Где мера, где предел выдержке, мужеству человеческому, где черта, за которую не моги переступать, а до неё, сколько ни нагружай человека, сколько ни дави, ни гни его к земле, будет выдержано все и вся? И вообще какой запас прочности имеет человек? В раненом боку возникла боль, словно бы кто надавил на перебитые ребра, но Игорь Каретников старался не показывать, что ему больно, хотя и чудилось, что лопнул какой-то шов, порвался нерв, надсеклась жила и по боку уже потекла вниз, в брюки теплая, неприятно тёплая кровь. В висках, в самых выемках, в глубине, замерцал пот.

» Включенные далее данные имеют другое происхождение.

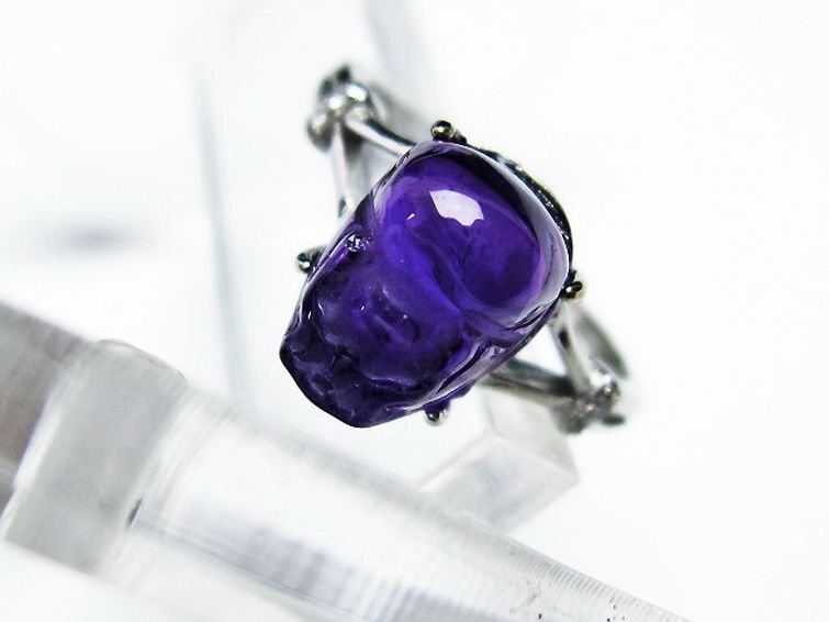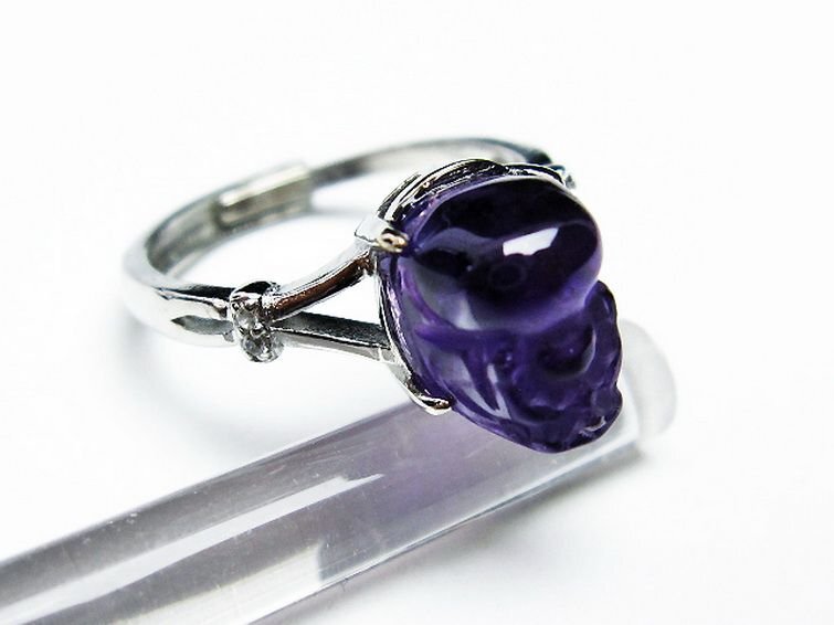 ■商品名: アメジスト ヒキュウ 指輪 ■商品ID: T275-21063 ■商品重量:約 2.6g ■商品サイズ:サイズ:15号 【アメジストクォーツ(紫水晶)】 アメジストは鉄分によって紫色に発色した水晶の一種です。 名称はギリシャ語で酒の意味のmethyと否定辞のa、つまり「酒に酔わない」「この石でできた盃で酒を飲めば悪酔いしない」に由来するとされています。 「酒に酔わない」と言われる通り、アメジストは体調面への作用が大きく、血液を浄化して解毒、解熱作用を高め皮膚病の治療や不眠を解消するのにも用いられたと言われています。 アメジストは真実の愛を導く愛の守護石とも呼ばれ恋愛運UPの石としても広く知られています。 理想的な出会いをもたらす効果や持ち主に美や調和を与え、セクシーな魅力を引き出すとのことですので恋愛成就のお守りとしても最適といえるでしょう。 また、くよくよしたり傷ついたりしている時には癒し、目前の困難を乗り越えていけるように精神を強くするヒーリング効果も期待できます。 不眠にも効果があるとされていますので、ストレスを抱えている人にもおすすめの石です。 ⇒ アメジストをもっと詳しく ◆ワンポイント情報 アメジストは産地によって結晶や色味の傾向が変わります。 例えばブラジル産は結晶が大きめだが色味は少し薄め、ウルグアイ産は結晶は小さく細かいが色味は濃紫の傾向、メキシコ産は細長い結晶でライラックの様な明るく透明感のある紫など特徴が異なります。 産地による好みが人によって分かれるのもアメジストならではと言えるでしょう。 |

— У тебя дрова ещё есть? — не выдержав тишины и крови, сделавшейся, как ему показалось, совсем горячей, какой-то обжигающей, спросил Каретников.

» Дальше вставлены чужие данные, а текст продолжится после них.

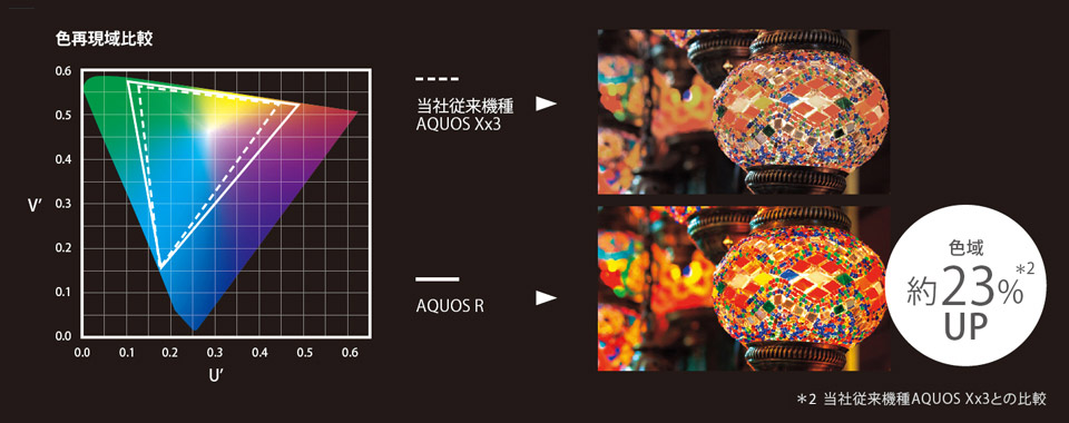 液晶テレビAQUOSの技術を受け継いだ「リッチカラーテクノロジーモバイル」を搭載。デジタルシネマの標準規格(DCI*1)に対応した広色域パネルと、豊かな色域を再現するカラーマッピング技術により、写真や動画を実物に近い色味で表示し、鮮やかに美しく再生できます。

В ответ Ирина чуть приметно качнула головой, заговорила снова. Совсем не о дровах.
— За два дня до возвращения брата, — у неё на шее задёргалась плоская, беззащитно-синяя жилка, — за два дня до смерти брата, — поправилась она, — из дома ушла работница. Ефросиньей Степановной её звали. Ушла к себе, чтобы не быть обузой. Она — скромный человек. И, может быть, Ефросинья Степановна тоже умерла. Так что осталась я одна. Одна…
Взяв кружку с чаем со стола, Ирина сдавила её пальцами, но тепла в чае уже не было, надо подогревать, и она, всплыв на поверхность самой себя, беспомощно взглянула на Каретникова. Тот поймал Иринин взгляд.
— Страшный рассказ. Именно страшный, по-другому не назовёшь, — Каретников помедлил, злясь на себя: слишком обыденные, никчемные слова он произносит, ни участия в них, ни тепла. Неужто на фронте и в госпитале он отвык от такой простой человеческой вещи, как жалость? Но и с другой стороны, не надо шагать за рассказом, как за похоронной телегой, ибо мёртвым — мёртвое, живым — живое. — Дрова у тебя всё-таки есть или уже кончились? — повторил он вопрос, который уже задавал. — Что-то я не пойму…
— Дров нет. Есть шкаф в комнате.
— Где он? В какой комнате?
Каретников почувствовал в себе прилив сил, желание помочь Ирине. Раз есть шкаф, значит, хранится в нём какая-нибудь рухлядь, годная на корм огню, старые ненужные бумаги, брошенные книги — творение какого-нибудь безликого графа Салиаса, тёртые-протёртые, тысячу раз бывшие в употреблении папки с завязками — бэу, картонки, обложки, облезшие тетради.
Ирина поднялась, взяла коптилку в руки. Пламя коптилки неожиданно оторвалось от фитиля, поднялось в воздух, заморгало слепо, грозя умереть, но потом всё-таки опустилось, снова приклеилось к фитилю.